One thing that is extremely important when using big data is this loop shown here.
Big data analysis is not something you do just once and are finished. To start
with, collecting big data requires systems for continuous acquisition and storage.
First, you have to establish these. Here, you perform analysis on the collected
data, but you need to understand that big data analysis itself is very difficult
at this stage, and takes a long time. As shown here, the big data analysis step is
broken down into a series of processes. You decide which data to actually analyze
from the collected big data, and then perform preprocessing before doing the actual
analysis. Specifically, you clean up the formatting of the data, convert values,
correct errors, and supplement for any missing values. Here, the data is shaped
through much time and effort. In fact, this preprocessing is said to make up as
much as 80% of the total cost of analysis. That is how long the processing takes.
Once it has gone through preprocessing, you are finally ready to perform the
analysis with machine learning and analytical algorithms. While the results of the
analytical algorithms are obtained, you may also need to do visualization
processing of the results, as well as examination and interpretation of the results
of the analysis. Then you determine whether the results are valid. In many cases,
you cannot get the intended results in one go, so in these cases, you have to go
back to the data analysis or preprocessing step, and repeat this process, reworking
things several times until you get valuable data.
Only after going through this process can you can discover new knowledge or valuable
data.
Although you would expect feeding the knowledge or value obtained back to the
target organization or community would lead to improvements in that community or
organization, in reality, you can only assess whether the community or organization
was improved by continuously repeating this series of processes. In some cases, it
is important to make continual adjustments to the overall process as appropriate
through an ongoing process of modifying the data acquired and methods of evaluation.

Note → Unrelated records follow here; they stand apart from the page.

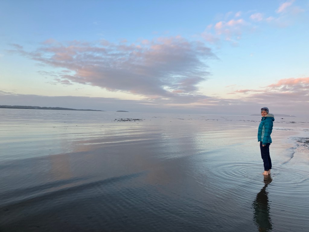 But just before the sun set, we both ‘downed tools’ and drove down the hill to the coast to catch the last of the light and dip our toes in the water. The wind had dropped completely and with the high tide, it made for a very tranquil scene.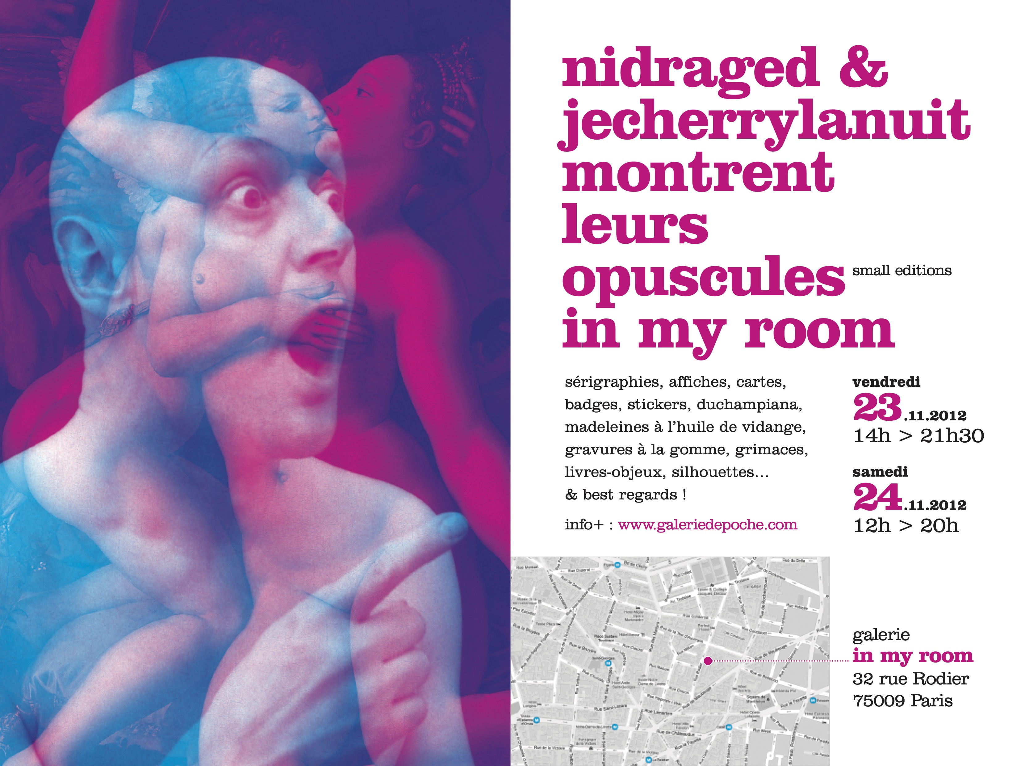 Galerie de poche by Nidraged & Jecherrylanuit du 14 novembre à l’atelier NOTA Du mardi au samedi : 10h – 19h30 Dimanche : 11h – 19h |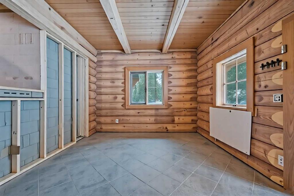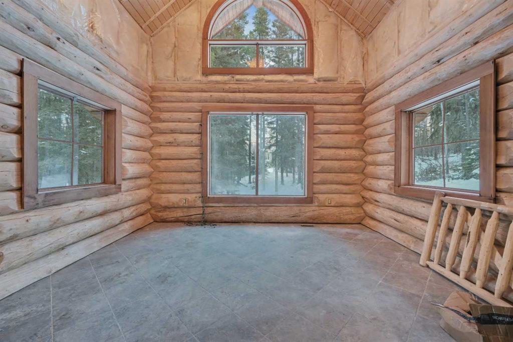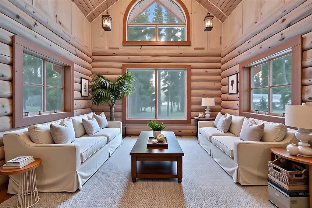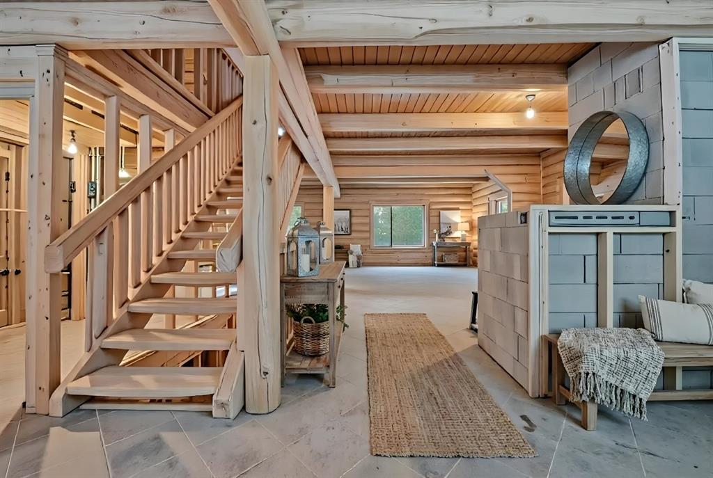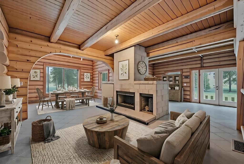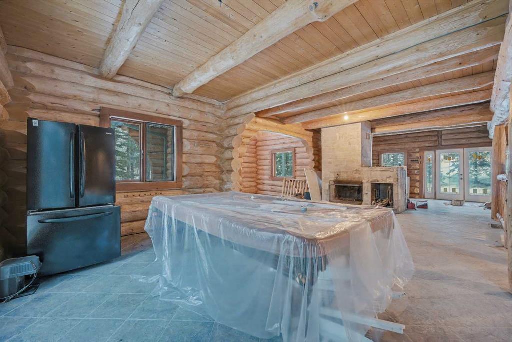 Additional features include a heated double garage, interior logs professionally dry ice–treated, a 20-year-old roof, and a pool table included with the sale.

Finally, I will sum up this section.
Big data is often called 5V. It is characterized by five Vs, and the first of these
is “Volume.” Volume refers to the quantity of data, and this represents the huge
amount of data. The next is “Velocity, “which refers to the speed of transfer,
and this represents the high speed of data generation and transmission over
networks. The third V is “Variety,” which refers to its diversity. It represents
the wide variety of text, numbers, images, videos and other media data that is
generated, transmitted, and stored. After that is “Veracity,” which means its
accuracy. Big data sometimes includes inaccurate or ambiguous information, so this
indicates how important it is to obtain accurate information. The last is “Value,”
which represents the importance of how much new value it can provide based on the
previous four components.
So far, I have been explaining the concept of big data. Next, I will cover the
data systems important for using big data.
Data systems are necessary in order to collect, manage, and utilize large amounts
of data. Here, I will explain the concepts of IoT (the Internet of Things) and CPS
(Cyber-Physical Systems). As the name says, IoT is the Internet of things. This is
a system in which the things surrounding us are given communication capabilities
to enable them to transmit data obtained from sensors and so on over the Internet.
Recently, in addition to home appliances like air conditioners and refrigerators,
all kinds of things like athletic shoes have been equipped with this functionality.
As of 2024, the total number is said to be 17 billion devices. This is a huge
amount, and it is growing steadily.
This diagram shows the system IoT uses to process data. Let’s start from the
bottom up. The lowest layer is IoT devices. IoT devices have sensors and I/O
modules, so can send and receive the data they acquire over networks. On the
Internet, there are relay servers that collect the massive amount of data gathered
by IoT and other devices. They run applications to process the data depending on
its purpose of use. The data stored on the relay server is then transmitted to big
data analysis systems via networks. These days, they mostly exist on the cloud.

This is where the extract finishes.